Крест «За доблесть в авиации» и орден «За отличную службу» получил лётчик С. Фроглей — за то, что 15 сентября 1919 г. руководил чрезвычайно успешным налётом на большевистскую флотилию в составе 40 судов, вооружённых орудиями, которая прорвала оборонительную линию Добровольческой армии и начала бомбардировать Царицын. Фроглей во главе эскадрильи, в 150 милях от своей базы, бомбардировал флотилию с высоты 300 метров с таким успехом, что флотилия была рассеяна и несколько судов разбиты. Затем Фроглей снизился со своим отрядом почти до земли, преследуя отступавшего противника и внося в его ряды полное расстройство, результатом чего явилось взятие города Камышина союзными нам войсками.

Орденом «За отличную службу» награждены лётчик В. Андерсон и лётчик-наблюдатель Дж.
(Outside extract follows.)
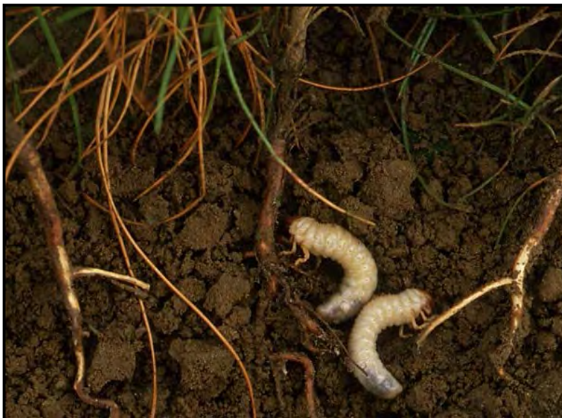
Figure 8. Les vers blancs du hanneton, des insectes rhizophages

Les racines servent d'hôtes à plusieurs insectes se nourrissant sous terre. Bon nombre d'entre eux sont utiles. Par contre, les problèmes surviennent lorsque ces insectes s'installent en nombre excessif et provoquent un stress aux arbres. Les rhizophages causent souvent le plus de dommages dans les pépinières, lorsqu'ils s'attaquent à de jeunes arbres aux tissus tendres et vulnérables. Le ver blanc du hanneton et certaines espèces de charançons sont des rhizophages.

Митчел. 30 июля 1919 г. близ Чёрного Яра (на Волге) два названных офицера на самолёте «DH9A» спустились на 1000 метров для перспективной съёмки позиций противника. Второй самолёт того же отряда был повреждён пулемётным огнём и вынужден спуститься в 5 милях за линией неприятеля, конные части которого пытались взять в плен экипаж, но были отражены огнём наблюдателя из пулемёта «люис», в то время как пилот поджигал машину. Андерсон, несмотря на то что бензобак был пробит пулей, спустился около разбитого самолёта, взял на борт пилота и наблюдателя и благополучно доставил их в своё расположение. При этом Митчел должен был вылезти на крыло и в течение 50 минут удерживать пальцем бензин от вытекания из бака.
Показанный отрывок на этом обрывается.